Durchbruch beim EU Cloud Code of Conduct
Der von der Europäischen Kommission selbst initiierte und über mehrere Jahre in akribischer Detailarbeit entwickelte „EU Cloud Code of Conduct (CoC) for Cloud Service Providers (CSPs)“ ist bis heute das einzige Set an umfassenden Richtlinien zur Verarbeitung von Kundendaten in der Cloud im Einklang mit den Bestimmungen der DSGVO (Datenschutz-Grundverordnung).
Der Code definiert höchstmögliche Datenschutzstandards nach europäischem Werteverständnis sowohl für die technische als auch die organisatorische Implementierung und entwickelte sich in kurzer Zeit zu einer echten, breit akzeptierten „Marke“ in der europäischen Cloud-Industrie. Durch freiwillige Anerkennung und Anwendung der Bestimmungen des Codes können europäische Cloud Service Provider den transparenten Ausweis erbringen, dass ihre Dienste rigorosen Datenschutz- und Sicherheitsstandards folgen. Der „EU Cloud CoC“ wird derzeit vom „European Data Protection Board“ (EDPB) geprüft und in Kürze als umfassendes Regelwerk für europäische Cloud-Dienste seine Zulassung erhalten. In diesem echten Meilenstein spiegelt sich im globalen Vergleich die Einzigartigkeit der europäischen Cloud-Strategie, die künftig in echte internationale Markterfolge umgemünzt werden soll.

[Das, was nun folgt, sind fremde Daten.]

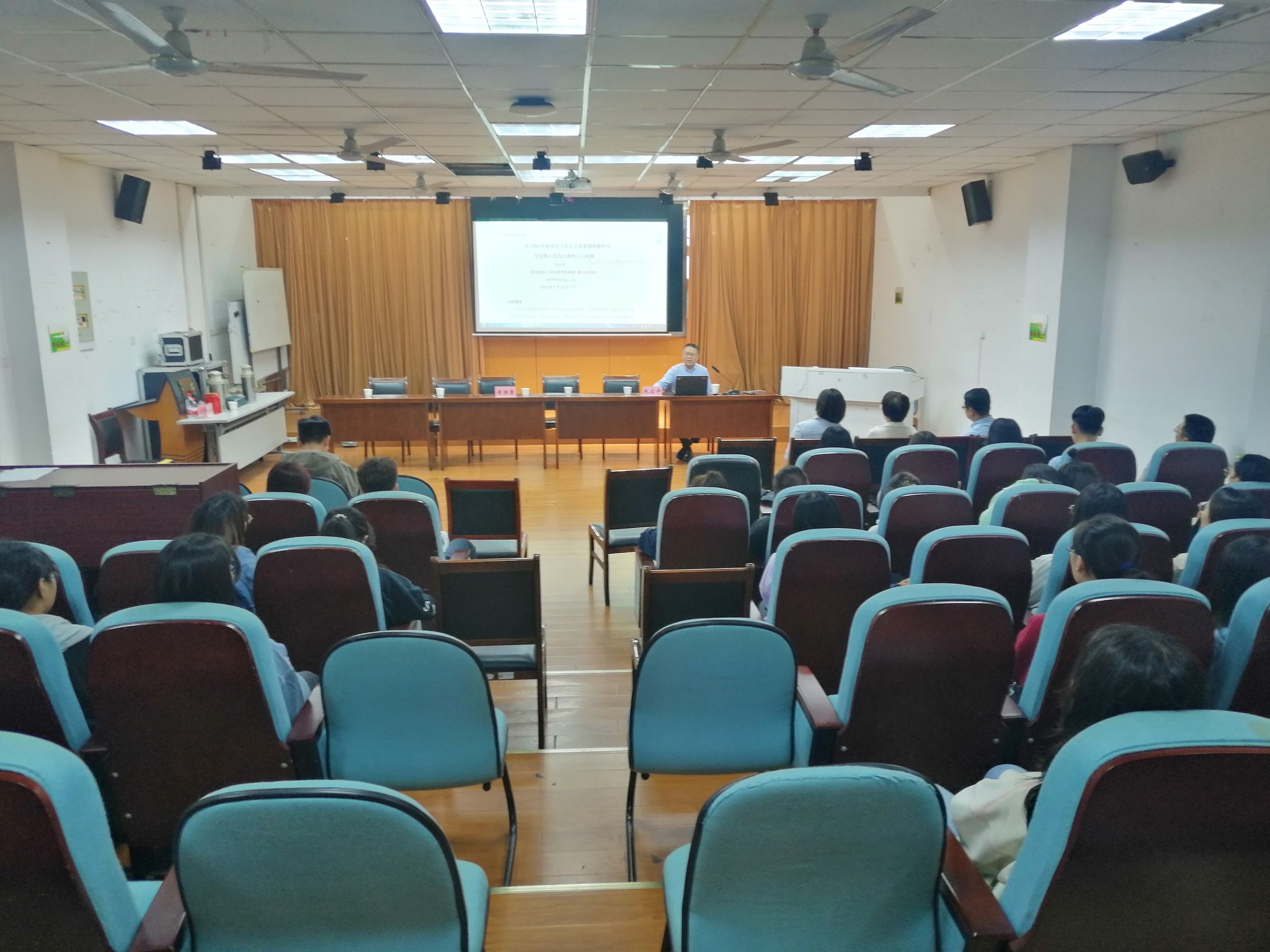朱教授指出,全过程人民民主的修宪立法原则是指导未来进一步完善宪法和提高立法质量的重要原则。报告会中,朱教授与参加讲座的学生亲切互动,热情为我院学生答疑解惑。

Warum Europa neben diesen richtungsweisenden legislativen Weichenstellungen für faire einheitliche Marktbedingungen vor allem im Bereich der Plattformwirtschaft auch ein weiterentwickeltes Verständnis von Entrepreneurship braucht, erfahren Sie in meinem nächsten Blog „Digitalstandort Europa braucht echtes Unternehmertum“.
Auf dass wir im Jahr 2021 wieder den Weg Richtung Normalität einschlagen können! Wenn irgendetwas von Corona übrigbleiben soll, dann echte Digitalisierung.